Psychological thriller.

GUYLAND has especially resonated with baby boomers. The late sixties stands out as a period when many boomers explored the wilder side of their normally conservative natures. The period of aberration comes back to haunt protagonist Laila Levin and has readers examining their own past. It’s full of suspense and complex characters that are based on composites of real people.

Tell us about the present day Laila, and the wild child of sixties.
Laila Levin enjoys a successful marriage and a thriving career in Austin, Texas. When her company announces a layoff, Laila is caught between an unscrupulous CEO and her promiscuous boss. Then news of her college roommate’s suicide stirs up an old love triangle and dark secret from her past.

Suddenly, it’s 1969 again and Laila’s left her sheltered Long Island home for college in Connecticut.
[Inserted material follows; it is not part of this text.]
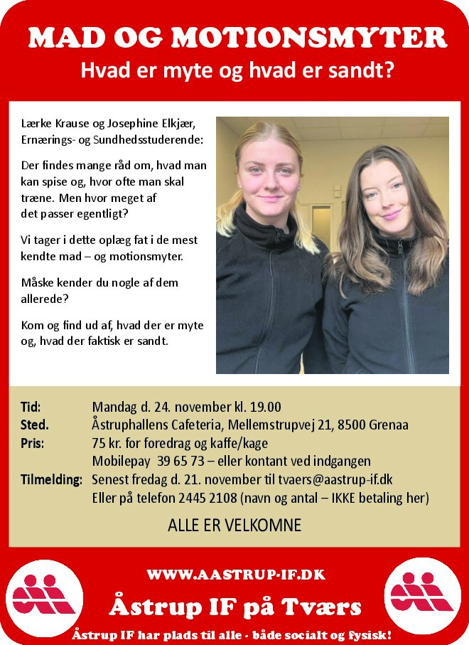 Åstrup På Tværs – Mad- og motionsmyter nov 18, 2025 | Arkiv, Åstrup på Tværs, Nyheder, Nyheds-arkiv Se opslaget for yderligere informationer

She’s tempted by the sex, drugs, and rock ’n’ roll that rule her generation and gets swept up in a deceptive love triangle and initiated into an unethical hippie family leading to tragedy.
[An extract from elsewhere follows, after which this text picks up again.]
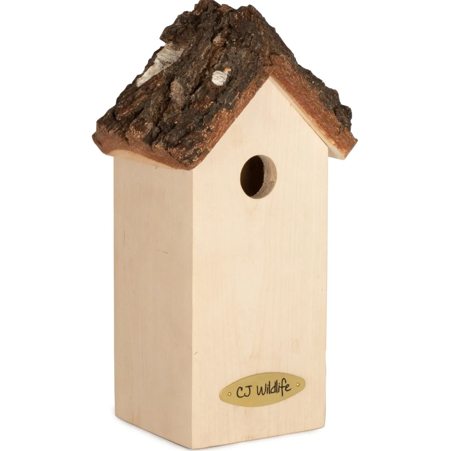- Gemaakt van FSC-gecertificeerd hout met schorsdak in gevelstijl Opening is 28mm, geschikt voor verschillende soorten vogelsWandmontage

Laila must now juggle the demands of her perplexed husband, her successful career, and her baby boomer past, endangering her survival and challenging her conscience.

You’ve described this story as a “memoir meets thriller”. We’ve got to ask – how much of Laila is really just you?
This is a great question.

Thank you.
Numerous people have told me that the characters in both the hippie days of the late ‘60s, and the corporate world of 2012, seem very believable and real. A few Amazon reviewers are convinced the novel is my autobiography. I’ll take that as a compliment that I was successful in creating a fictive world with a plot and cast of characters that are composites of people I’ve known.

I’m at an age when I’ve begun reflecting on different periods of my life and examining what I’ve learned from them. For me, the late sixties was an aberration from the rest of my relatively conservative life. I wasn’t near as naïve or crazy as Laila, but I was a quintessential hippie, feminist, and anti-war protestor.

Somehow we don’t think you’ll go into any more detail than that! Tell us about your life now.
I grew up on Long Island but escaped to New Mexico in 1970 in a Karmann Ghia that my boyfriend and I jump-started cross-country. As an English major at the University of New Mexico, I studied under esteemed authors Rudolfo Anaya, and the late Tony Hillerman. I also attended the prestigious University of Iowa’s Creative Writing Workshop.

Ambidextrous from birth, I’ve always preferred my right-brained creative side, but discovered I could make a better living with my left-brain skills, so I entered the I.T. field in 1985 and worked as an I.T. Manager until 2011.

Following the success of my novel, THE GIRL FROM LONG GUYLAND, indie-published last year, I’m now writing full time.

That’s good news – for us as readers. So what’s coming next?
My new novel, THE M&M BOYS will be out in March, 2014.

It’s a coming-of-age story about a troubled little league player who is diverted from the pain of his parent’s separation when his heroes, Roger Maris and Mickey Mantle, move next door as they compete to break Babe Ruth’s home run record in the summer of 1961.

Maris, a misplaced Midwesterner, is booed by the Yankee fans who prefer Mantle, and the press pursues him mercilessly. Mantle basks in New York fan adoration, but a series of injuries destroy his hope of winning the competition. Marshall’s friendship unearths childhood memories for both men. The front porch camaraderie helps Marshall deal with the pain of his parents’ impending divorce and the three find solace in each other’s triumphs, frustrations, celebrations and disappointments.

Do you have a website where we can keep up with your work?
www.larareznik.com

How can we follow you on Twitter and/or Facebook?
https://www.facebook.com/LARAREZNIK23

How easily do new storylines come to you? If we give you four random words – Man, Woman, Airport, Darkness – can you give us a brief storyline?
I’m generally moved by some event and/or a unique character.

A young woman wandered through the Denver airport in search of the man her parents have chosen for her husband. Her eyes  bubbled up with tears as she recalled the recent tender kisses of the son of her family’s sworn enemy. Suddenly, all lights in the airport have gone off. Gunshots reverberated around her in the darkness.